OpenClaw Tool Audit

SKILL.md

---
name: openclaw-tool-audit
description: Audit OpenClaw agent tool exposure versus observed use. Use when reviewing allowed tools, spotting broad or unused tool allowances, or checking whether agent tool configs are tighter than necessary. Uses an already-installed trusted local CLI and can emit markdown or JSON summaries.
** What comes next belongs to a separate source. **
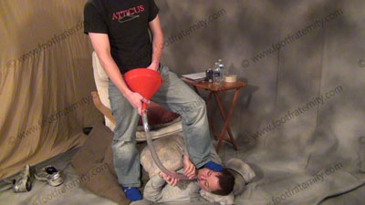 On a lazy Saturday, young Justin, in well worn jeans & a T-shirt then hoodie, has his slave on the floor, under his feet while he sits in an easy chair for the service of his sneakers, sweaty blue Under Armor socked feet, then bare feet, as he continues his interviewed for a TV show about "Making your Boss into your Slave". During this he tells of his thoughts of having foot slaves as he teases verbally & with his socked, then bare feet. Slave starts smelling, kissing and sniffing the socked feet, while Justin arrogantly takes the worship with a cocky, young attitude and talks to the camera. Straight guys rule as his sissy serves his sweaty socked feet, then licks, kisses & serves his sweaty bare feet. Toes over the nose, toes licked, kissed, sweaty feet wiped in the face, as he gives commands, teases & loves the power & adoration. He uses the water sports bong, forcing the sissy to drink every drop while at the same time he uses his foot to hold the slave's face in place for it. While looking at hot magazines, he uses slave's face & head as a foot stool with slave in several different positions beneath these young hot feet. Three great views, one full, one close up and one full from another angle while he dominates with his feet. Justin does this in a teasing & arrogant, cocky manner and loves this control of having foot slaves at his feet. He wiggles his toes and flexes his feet during the whole time, just to tease with his perfect feet. He is growing into this adoration of his sexy youth & power with ease & having a great time doing everything you can imagine!
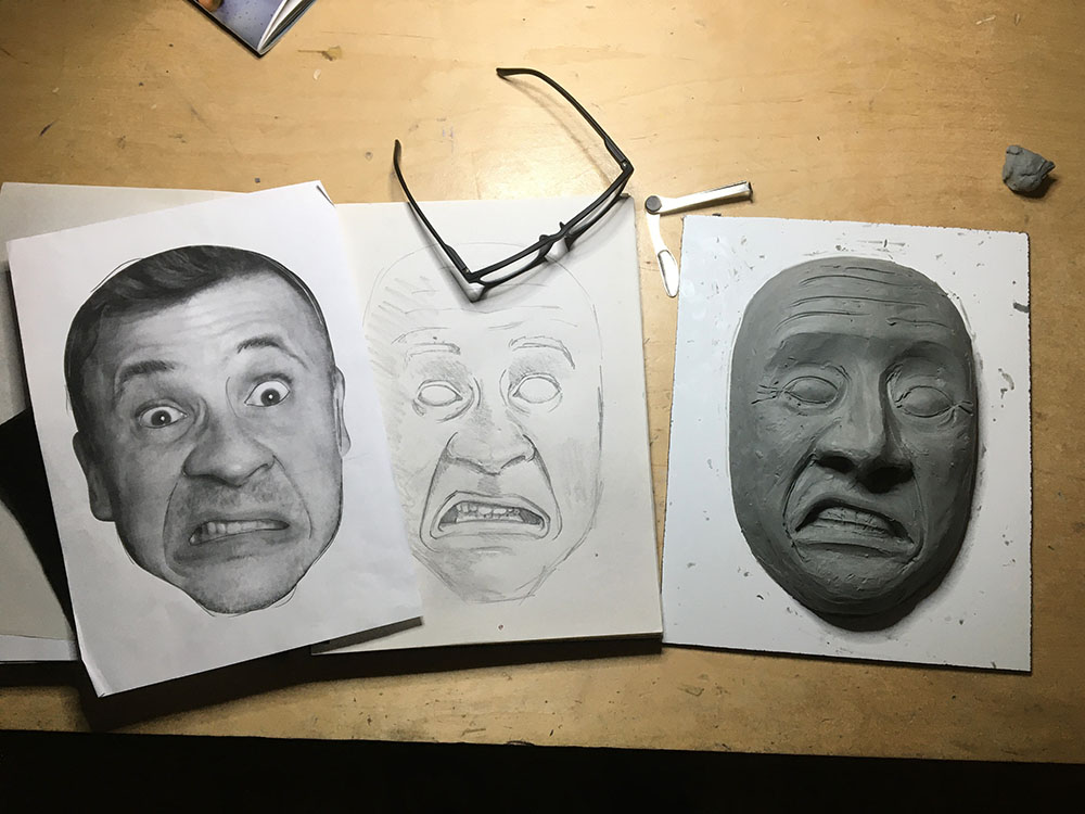 Najpierw fotografuję twarz – wywołuję na niej grymas, potem szkicuję. Aby poznać dokładnie przestrzenną anatomię twarzy, robiłem wcześniej modele w plastelinie.

Repository: https://github.com/pfrederiksen/openclaw-tool-audit
---

# OpenClaw Tool Audit

Use this skill to audit local OpenClaw agent tool configuration against observed tool usage.

## Repository

Primary source repo:
- https://github.com/pfrederiksen/openclaw-tool-audit

## Prerequisites

Required:
- a trusted local installation of `openclaw-tool-audit`
- access to the local OpenClaw config and session data the tool reads

Before running:
- verify the local binary or source install is one you trust
- inspect local source if you did not build or install it yourself
- avoid elevated/root execution unless you actually need it
- confirm local session/config files do not expose secrets you are unwilling to inspect

## When to use

Use this when the user asks to:
- audit which tools agents are allowed to use
- compare allowed tools vs tools actually used
- spot overly broad tool access
- review whether agent tool configs could be tightened
- generate a markdown or JSON tool exposure report

## Safe source guidance

Prefer one of these:
- a previously installed trusted local binary on `PATH`
- a trusted local source checkout you have already inspected
- a pinned internal/local install workflow you control

Do not instruct users to install directly from a remote GitHub URL inside this skill.

## Recommended commands

Default markdown summary:

```bash
openclaw-tool-audit --markdown --top-tools 15
```

JSON output:

```bash
openclaw-tool-audit --json
```

Broadest-first review:

```bash
openclaw-tool-audit --markdown --broadest-first
```

Unused-only review:

```bash
openclaw-tool-audit --markdown --unused-only
```

If the binary is not on `PATH`, use the trusted local path you already manage.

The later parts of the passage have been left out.